Currently OpenGL implementations do not support bump mapping in hardware, but there is a two pass approach to creating a close approximation of bump mapping which is shown in this demonstration. This code is the manifestation of an algorithm and sample IrisGL code shown to me in mid 1995 by Brian Cabral, and owes it's existence entirely to Brian's patience in explaining his ideas in great detail to me, his original work was infact more accurate and included a renormalization term which is not implemented here. The principal is to render a Lambertian diffuse lighting calculation to the framebuffer then vary the brightness of this result using texture blending operations to simulate the peturbation of the surface normal. So the diffuse lighting term is the cosine of the angle of the surface normal and light vector which is computed by taking the dot product of the two normalized vectors, we'll call this L·N, this is the same as the vertical component of the normalized light vector in tangent space, which we'll call Lz. So Lz is the same as L·N as illustrated in the diagram below, taking L·N projects L onto N and gives the component length of L w.r.t N, and vice versa.

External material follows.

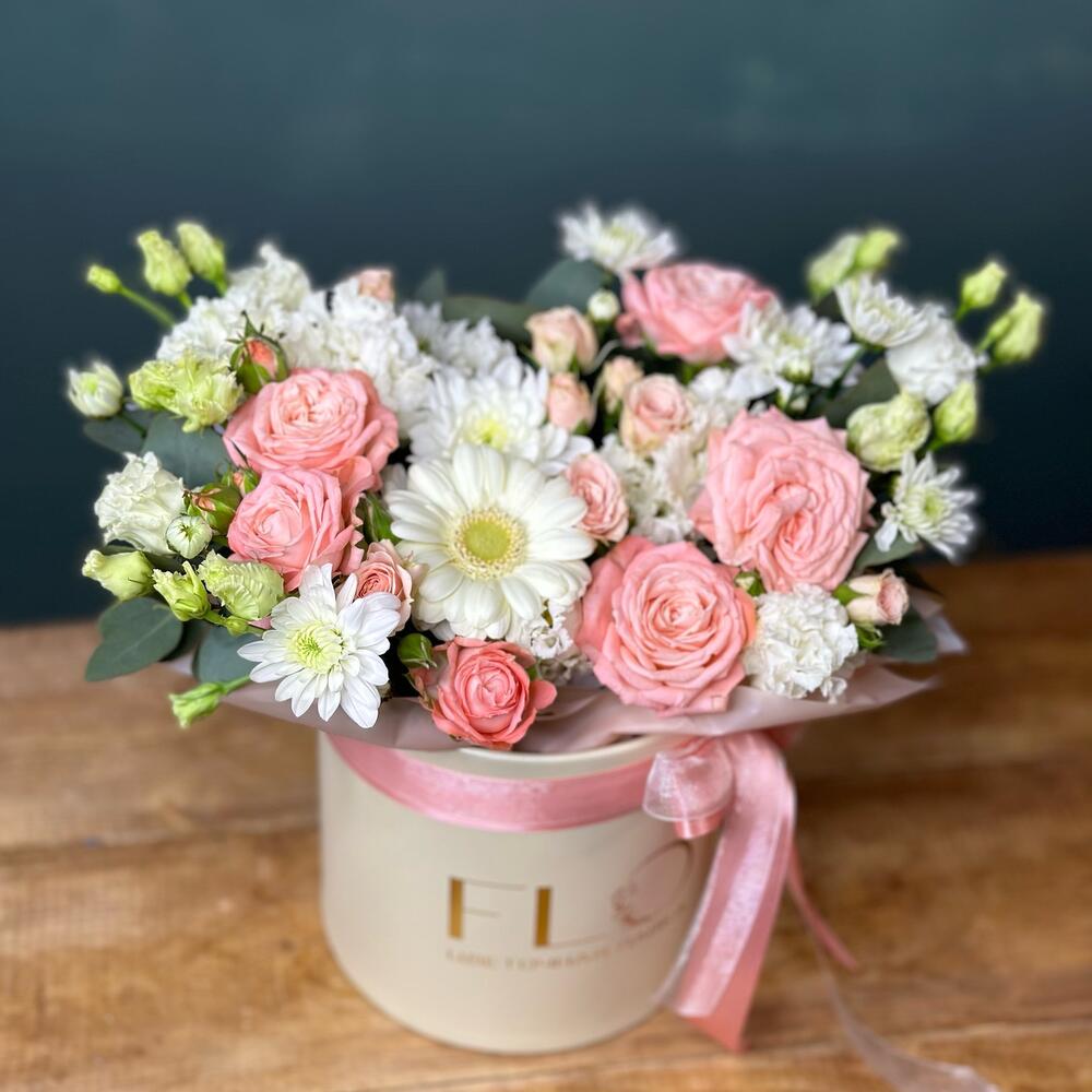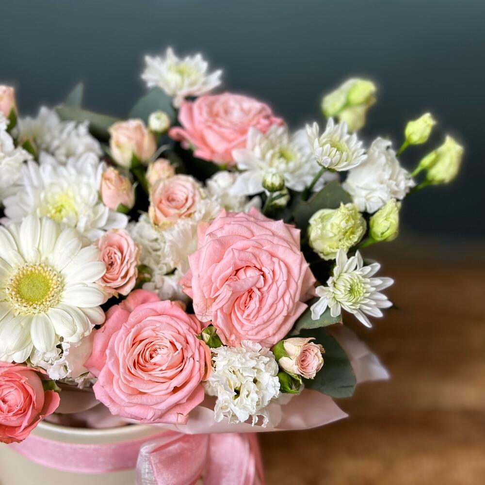 Лента – 2 шт.Гербера мини – 1 шт.Роза кустовая Голландия – 1 шт.Шляпная коробка – 1 шт.Эвкалипт цинерария – 1 шт.роза кустовая мадам бомбастик – 1 шт.мохровая хризантема кустовая – 1 шт.лизиантус мохровой (эустома) – 1 шт.
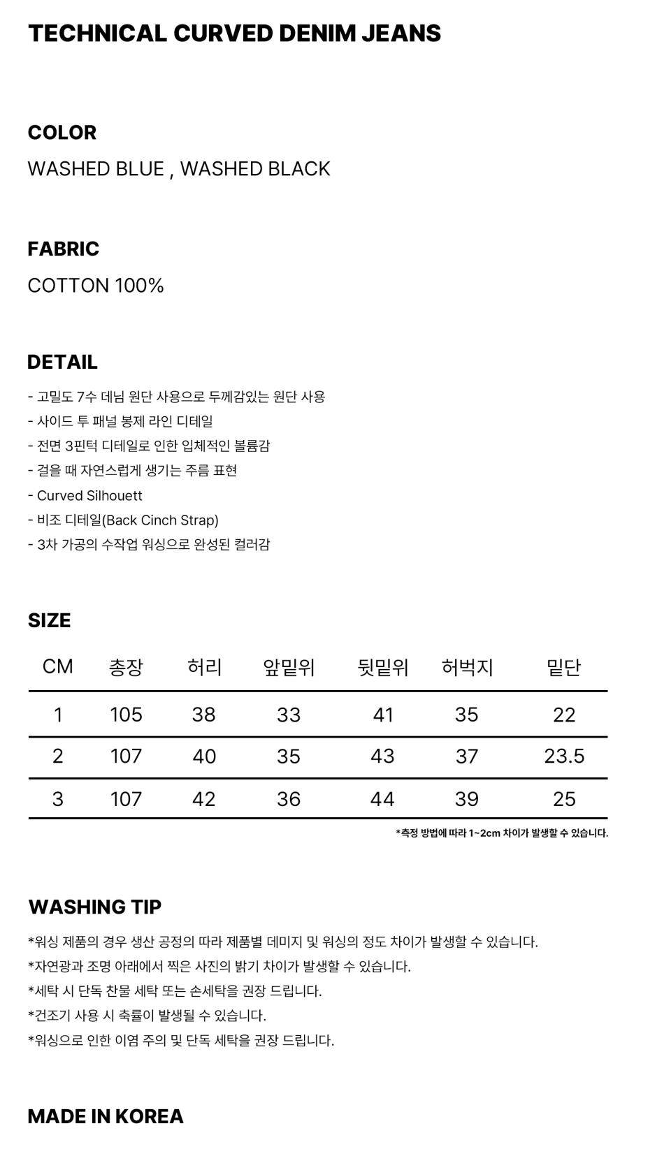 *워싱 제품의 경우 생산 공정의 따라 제품별 데미지 및 워싱의 정도 차이가 발생할 수 있습니다.

So the L·N gives us the diffuse illumination term, but this assumes that the polygon is flat, the interpolation of L·N across a polygon is a reasonable approximation, but we need to simulate the variation in the lighting calculation as introduced by the normal changing direction. To do this we first store the change in surface elevation as an intensity map. The intensity representing the elevation is added to the Lz brightness giving the surface brightness plus bump height. The next step is to move the s & t texture coordinate at each vertex as a function of the light position w.r.t the surface and then subtract this brightness from the total in the framebuffer to leave the new Lz term which is varied by the elevation map as a function of Lz (in fact Ls and Lt which we'll come to later). This computation is shown in the diagram below, the left hand side shows the contribution of each term the right hand side shows the total at that stage in the calculation and the sign of the arithmetic operation being applied to get there:

The net result is that the luminance left in the framebuffer is an approximation of a new Lz or L·N for a peturbed surface normal. The key element not detailed yet is the peturbation of the texture coordinates for the subtractive pass. The Lz term as explained is the vertical or 'normal' component of the normalized light vector in tangent space. The texture peturbations should be translations as a function of the lateral components w.r.t. the texture coordinates. By this I mean that texture is mapped across a surface and each s & t term has a derivative or a direction vector in which in moves on that surface. The derivative axes for s and t can be viewed as forming a texture coordinate system in tangent space. The light vector transformed into this space provides Lz, but also provides Ls and Lt terms, i.e. the projected vector lengths w.r.t. the texture derivatives for s & t coordinates. It is the projected Ls & Lt partial derivatives which we use to peturb the texture coordinates and effectively peturb the lighting in the direction of the light vector relative to the surface.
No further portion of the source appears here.